By Esme Murphy

MINNEAPOLIS (WCCO) — The star prosecution witness in the trial of three young Minnesota terror suspects took the stand Wednesday. Prosecutors say he initially tried to join ISIS.

In January of 2015, Abdirahman Bashir became an FBI informant. He secretly recorded conversations with the three defendants, as well as with a number of other young men who have pleaded guilty in the case.

The slender 20-year-old took the stand late Wednesday afternoon, and prosecutors almost immediately asked him if he had ever tried to join a terrorist organization. Bashir replied yes.

Bashir’s role is critical in the case. Not only was he a part of the alleged conspiracy, but the secretly taped recordings he made of the other conspirators are considered critical evidence. That’s because — according to quotes in court documents — the defendants admit to the conspiracy on the tapes.

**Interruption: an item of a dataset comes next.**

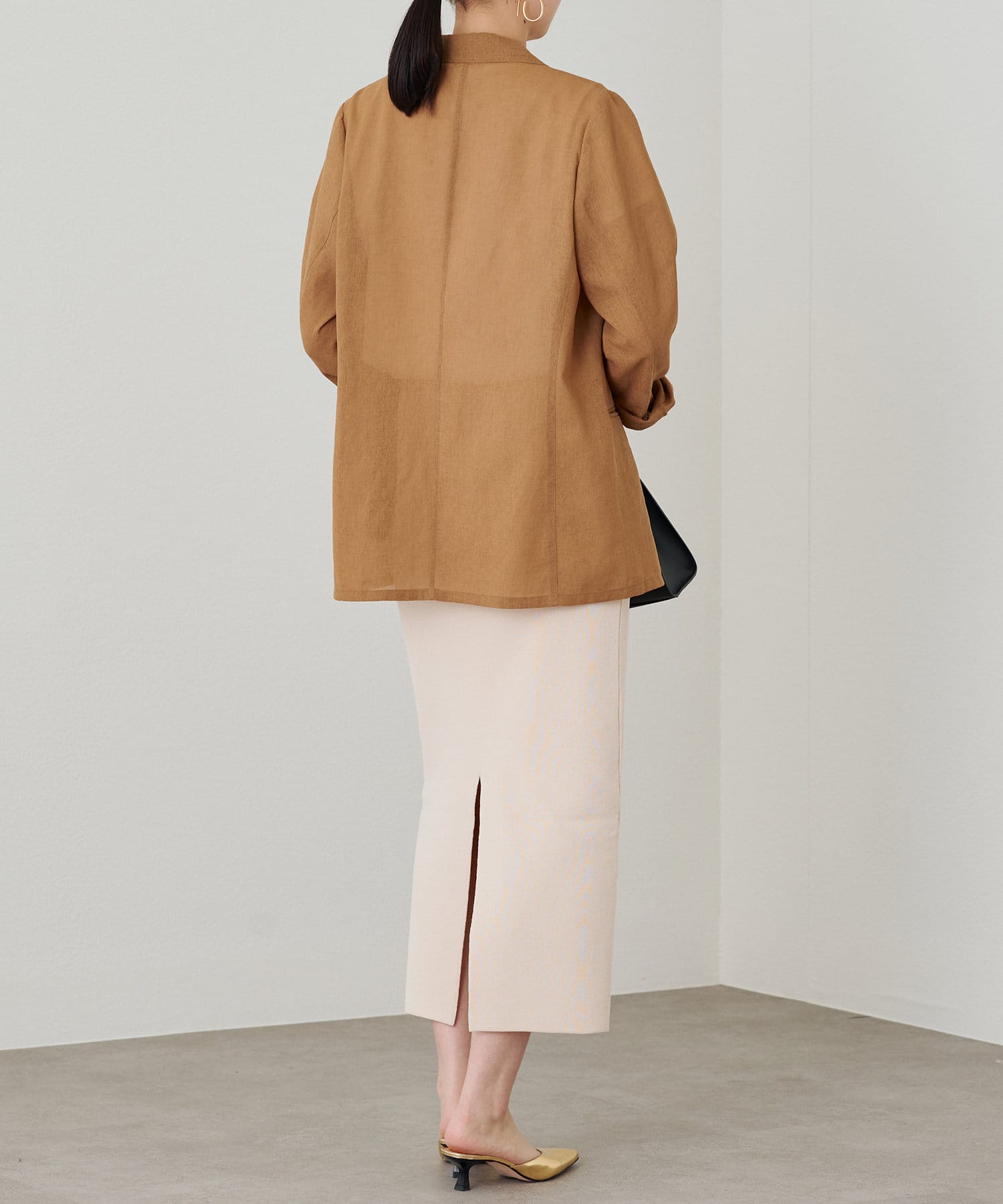 上品なブラウスと合わせて、レディライクに着るのもおすすめです。
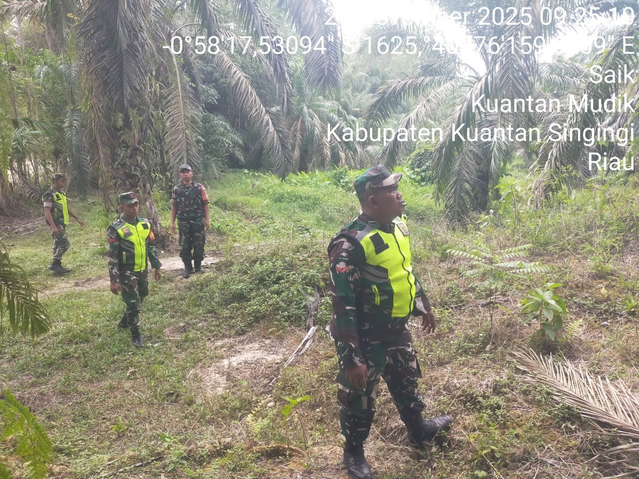 Guna mencegah kebakaran hutan dan lahan,Babinsa Koramil 08/KM Kodim 0302/Inhu Diantaranya Sertu Gusman dan tiga Orang Rekan babinsa lainnya melaksanakan kegiatan patroli Di wilayah Desa Saik Kecamatan Kuantan Mudik Kabupaten Kuantan Singingi. Rabu ( 26/11/2025 ).

Bashir said he became attracted to jihad by watching ISIS propaganda videos. He testified his cousin was Hanad Mohallim, who left Minnesota in March of 2014 and died fighting for ISIS.

He also said he was friends with Douglas McCain — another Minnesotan who died fighting for ISIS in 2014.

Family members and supporters of the defendants expressed their anger with Bashir

“When she saw Abdirahman Bashir in the court room, she saw a young man who was heavily paid and influenced by the government, and very well coached,” an interpreter for Ayan Farah — mother of two of the defendants in the case — told the media after the trial.

Last year, we learned Bashir had been paid $40,000 by the FBI since he began cooperating in the case, and that number has likely gone up since it was last reported.

Bashir will likely take the stand Thursday and Friday, and the court will hear quite a bit from his secretly recorded tapes.